Copyright (C) 2016 Sergey Demyanov
You can also find and use my WorkLab for Tensorflow.
This toolbox has been written as a part of my PhD project. It contains the implementation of convolitional neural nets for Matlab, written on C++ and CUDA. The most of the kernels are taken from CUDNN v5 library, others are written manually. Therefore CUDNN, v5 or higher is required.
Convolutional neural network is a type of deep learning classification and segmentation algorithms, which can learn useful features from raw data by themselves. Learning is performed by tuning its weights. CNNs consist of several layers, which are usually convolutional and subsampling layers following each other. Convolutional layer performs filtering of its input with a small matrix of weights and applies some non-linear function to the result. Subsampling layer does not contain weights and simply reduces the size of its input by averaging of max-pooling operation. The number of channels on the last layer should coincide with the number of classes. If used for classification, the height and width of the last layer output should be 1.
Learning process consists of 2 steps: forward and backward passes, which are conducted for all objects in a training set. On the forward pass each layer transforms the output of the previous layer according to its function. The output of the last layer is compared with the label values and the loss function is computed. On the backward pass the derivatives of loss function with respect to outputs are consecutively computed from the last layer to the first, together with the derivatives with respect to weights. After that the weights are changed in the direction which decreases the value of the loss function. This process is performed for a batch of objects simultaneously, in order to decrease the sample bias. Processing of all objects in the dataset is called the epoch. Usually training consists of many epochs, conducted with different batch splits.

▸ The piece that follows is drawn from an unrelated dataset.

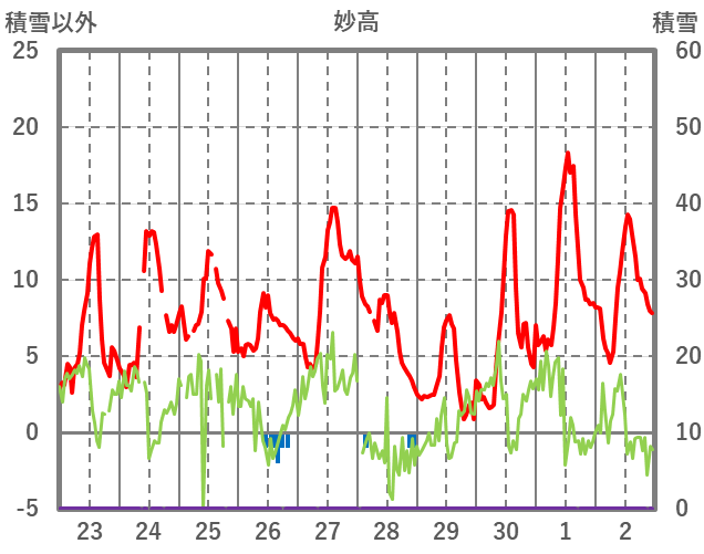 | 日 | 時 | 気温 | 降水 | 風向/風速 | 日照 | 積雪 | 降雪 |
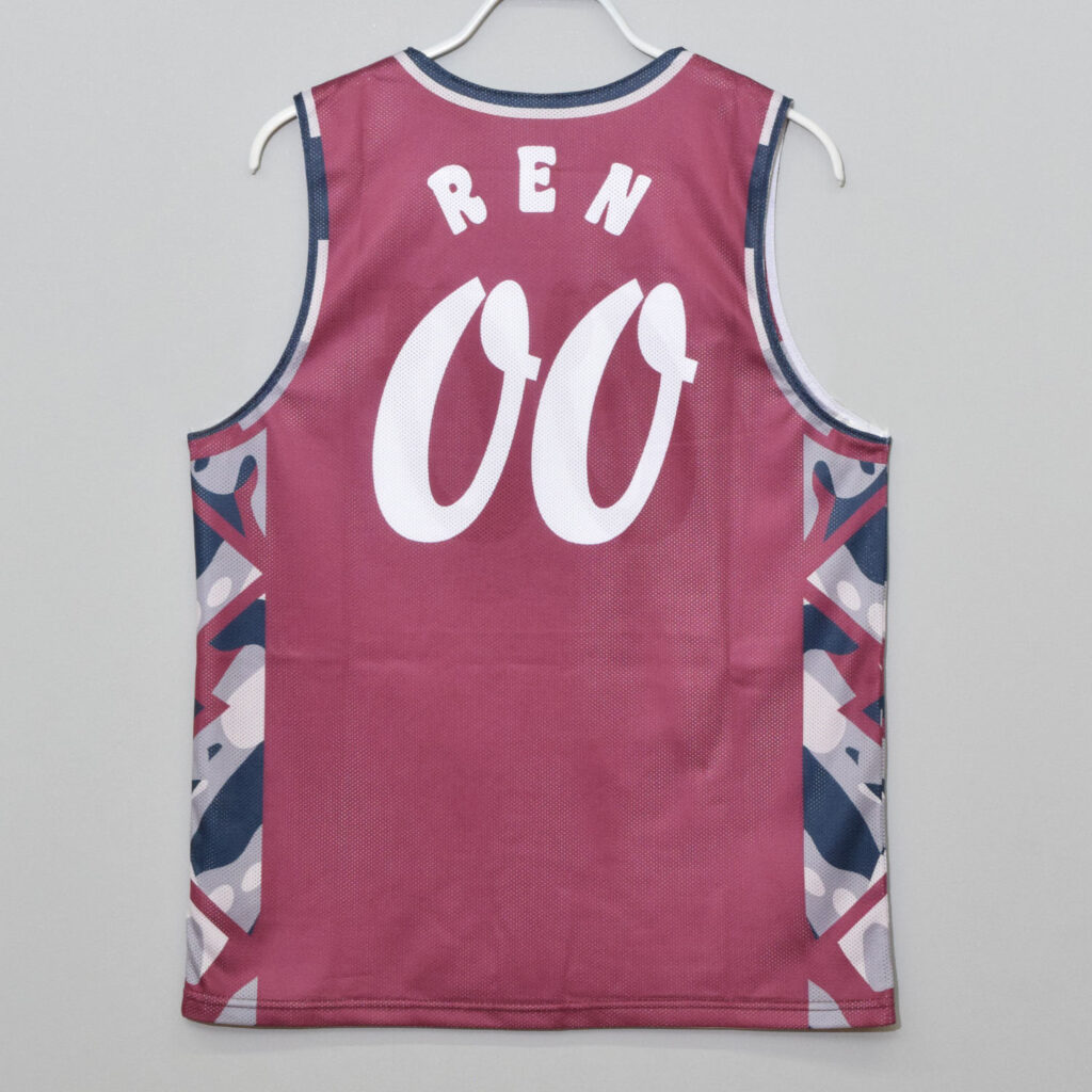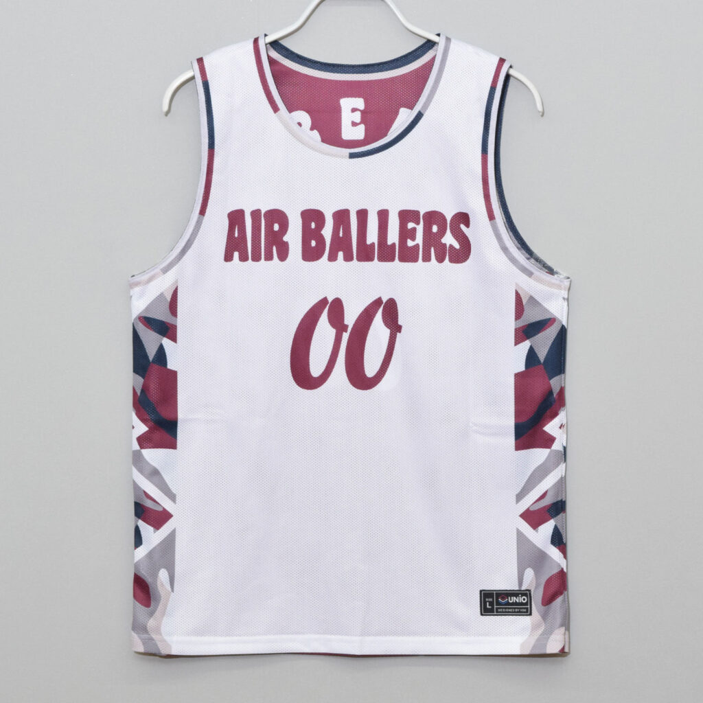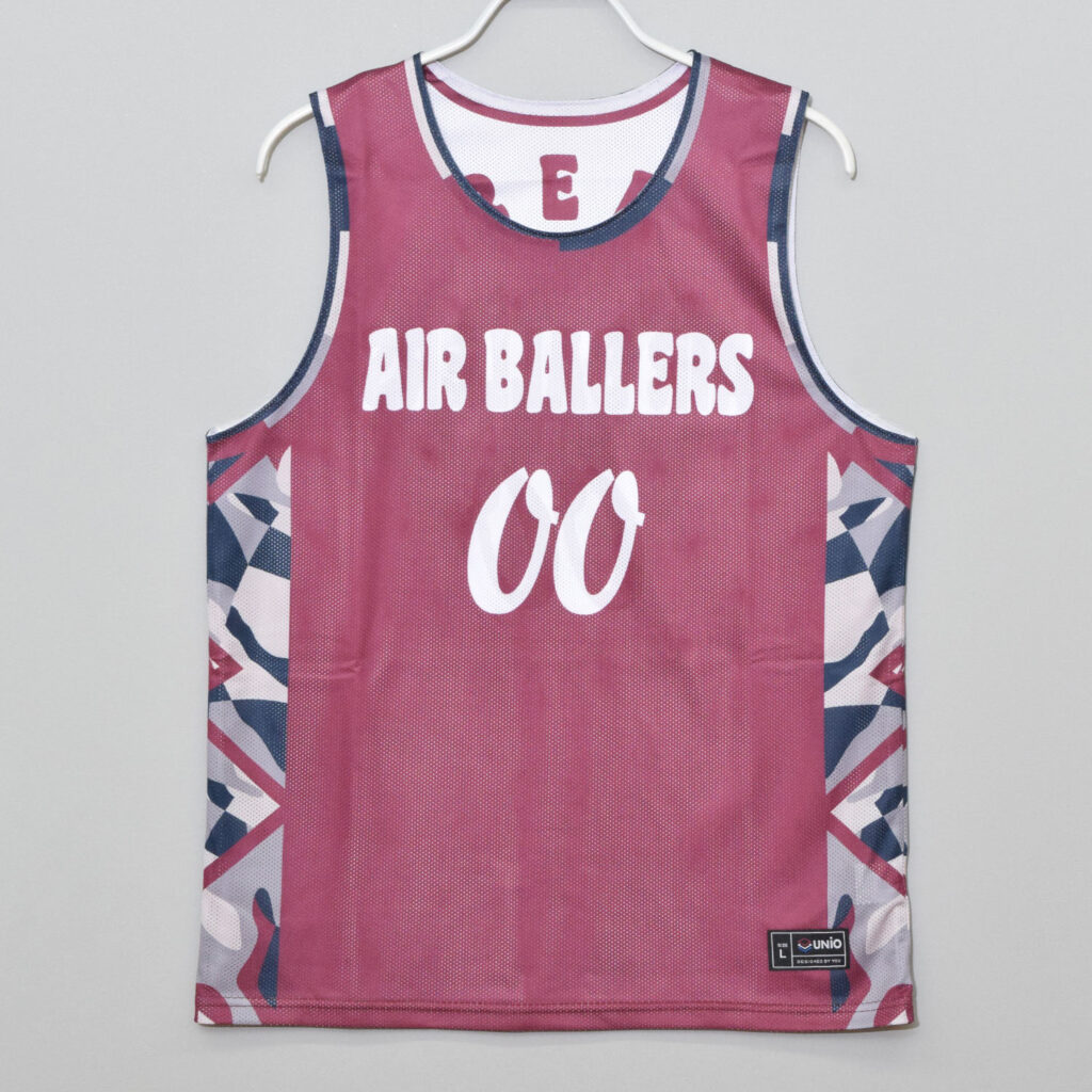 サイドに弾むグラフィックが目を引くエンジ色のリバーシブルユニフォーム

The toolbox was written for Matlab and its functions can be called only from Matlab scripts. The toolbox requires a Cuda capable GPU. The toolbox DOES NOT REQUIRE Parallel Computing Toolbox as MatConvNet, but you can import and use pretrained MatConvNet models. The toolbox operates with 4-dimensional tensors with incides corresponding to height(H), width(W), channel(C) and number(N). Labels should also be 4-dimensional tensors. If used for classification, labels should have height=1 and width=1. Before passing to c++ code the height and width dimensions are permuted, so the layout becomes NCHW (N is the slowest index). Same layout is used for weights everywhere. For speedup purposes weights are passed and returned as a long vector or stretched and concatenated weights from all layers. Use functions weights = getweights(layers) and layers = setweights(layers, weights) to obtain the vector and assign it back to layers.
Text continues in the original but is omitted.